Unbiasing through Textual Descriptions:
Mitigating Representation Bias in Video Benchmarks

CVPR 2025

Nina Shvetsova1,2,3*, Arsha Nagrani4, Bernt Schiele3, Hilde Kuehne1,2,5, Christian Rupprecht4

1Goethe University Frankfurt, 2Tuebingen AI Center/University of Tuebingen, 3MPI for Informatics, Saarland Informatics Campus, 4University of Oxford, 5MIT-IBM Watson AI Lab

*Work done during PhD visit to University of Oxford within the ELLIS PhD program.

Contact: shvetsov at uni-frankfurt.de

arXiv Code & Models (coming soon)
UTD teaser image

Abstract

We propose a new Unbiased through Textual Description (UTD) video benchmark based on unbiased subsets of existing video classification and retrieval datasets to enable a more robust assessment of video understanding capabilities. Namely, we tackle the problem that current video benchmarks may suffer from different representation biases, e.g., object bias or single-frame bias, where mere recognition of objects or utilization of only a single frame is sufficient for correct prediction. We leverage VLMs and LLMs to analyze and debias video benchmarks from such representation biases. Specifically, we generate frame-wise textual descriptions of videos, filter them for specific information (e.g. only objects) and leverage them to examine representation biases across three dimensions: 1) concept bias — determining if a specific concept (e.g., objects) alone suffice for prediction; 2) temporal bias — assessing if temporal information contributes to prediction; and 3) common sense vs. dataset bias — evaluating whether zero-shot reasoning or dataset correlations contribute to prediction. We conduct a systematic analysis of representation biases in 12 popular video classification and retrieval datasets and create new object-debiased test splits for these datasets. Moreover, we benchmark 33 state-of-the-art video models on original and debiased splits and analyze biases in the models. To facilitate the future development of more robust video understanding benchmarks and models, we release: UTD-descriptions, a dataset with our rich structured descriptions for each dataset, and UTD-splits, a dataset of object-debiased test splits.



UTD Dataset

Download UTD-descriptions (3.5G) | ⬇ Download UTD-splits (3.9M) | ⬇ Download all data (7.4G)
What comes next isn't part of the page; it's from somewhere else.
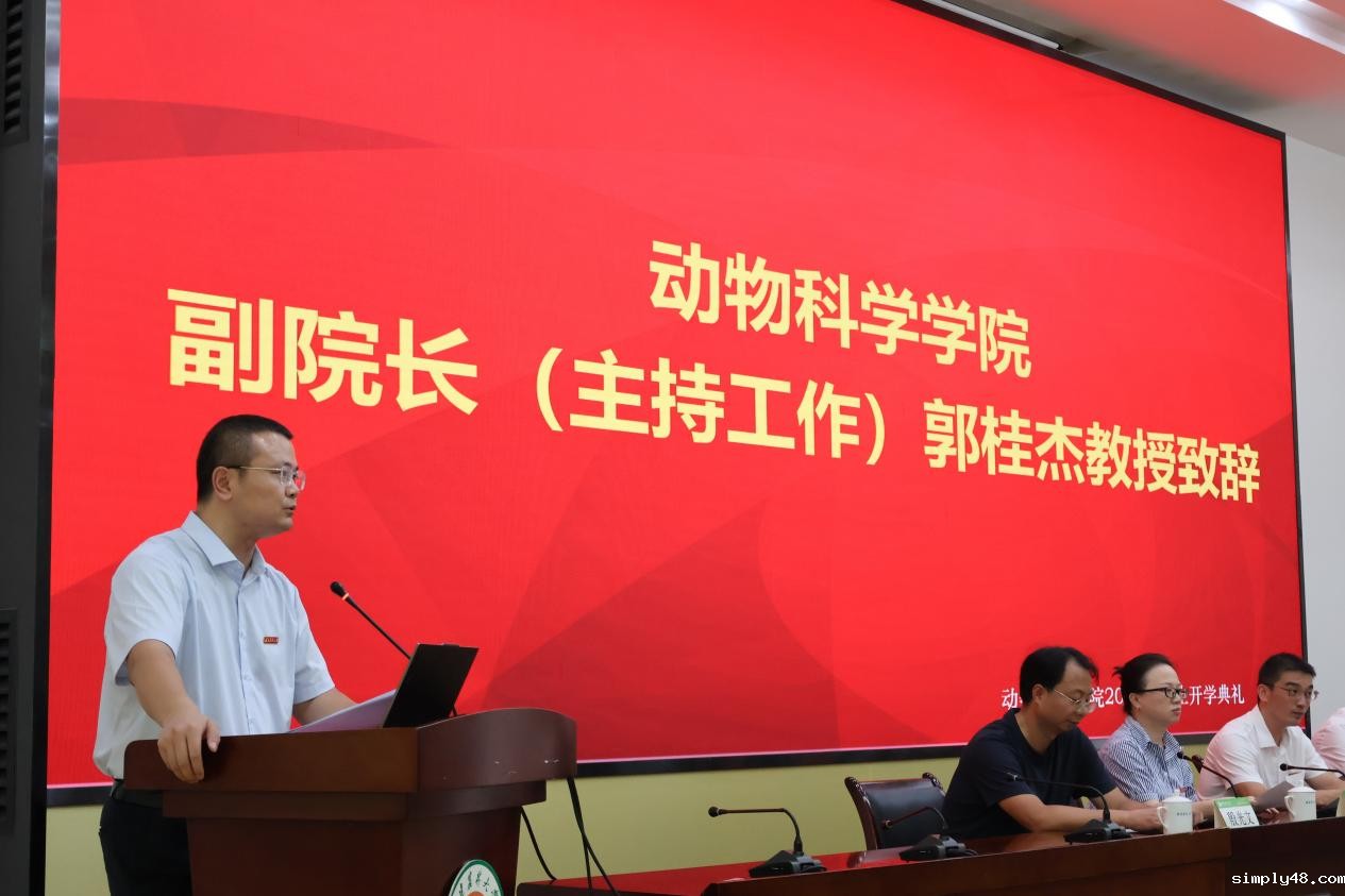 学院副院长(主持工作)郭桂杰教授致辞,他对2025级新生表示诚挚的欢迎和热烈的祝贺,同时对新生表达五点希望:一是心怀“国之大者”,树立远大理想,将个人奋斗融入时代洪流;二是恪守“学之本心”,练就过硬本领,筑牢专业基石探索未知;三是秉持“求是创新”,锤炼科学精神,敢于挑战权威追求真理;四是践行“知行合一”,深入实践一线,在广阔天地中增长才干;五是修养“仁爱之心”,敬畏生命关爱自然,塑造健全人格提升修养。希望同学们珍惜大学时光,以强农兴农为己任,成长为卓越的动科人才,为乡村振兴和农业现代化贡献智慧与力量。

Our UTD Dataset consists of two parts:


  1. UTD-descriptions: This includes frame-level annotations of 1.9M videos for four conceptual categories visible in video frames: objects, activities, verbs, and objects+composition+activities. UTD-descriptions are provided for 8 uniformly sampled frames from the training and test/val sets of 12 activity recognition and text-to-video retrieval datasets.

  2. UTD-splits: These include object-debiased test/val splits — subsets of the original test/val sets with object-biased items removed — for all 12 considered datasets. For 6 activity recognition datasets, we additionally provide debiased-balanced splits, where the most object-biased samples are removed while preserving the original class distribution.

Considered datasets:
Activity recognition datasets include UCF101, SSv2, Kinetics400, Kinetics600, Kinetics700, and Moments In Time.
Text-to-video retrieval datasets include MSRVTT, YouCook2, DiDeMo, LSMDC, ActivityNet, and Spoken Moments in Time.

UTD-descriptions

UTD-descriptions provide annotations for a total of 1.9M videos, with 8 uniformly sampled frames annotated per video. Each frame is annotated with four different concept categories: objects, activities, verbs, and objects+composition+activities for the 12 considered datasets, covering both train and test/val splits. For test/val splits, we additionally provide objects+composition+activities_15_words — a ~15-words summary of objects+composition+activities descriptions. The annotations for objects+composition+activities are generated using the LLaVA-1.6-7B-mistral large vision-language model, prompted to describe visible object relationships in a frame. From these descriptions, objects, activities, and verbs (activities without associated objects) are extracted using the Mistral-7B-Instruct-v0.2.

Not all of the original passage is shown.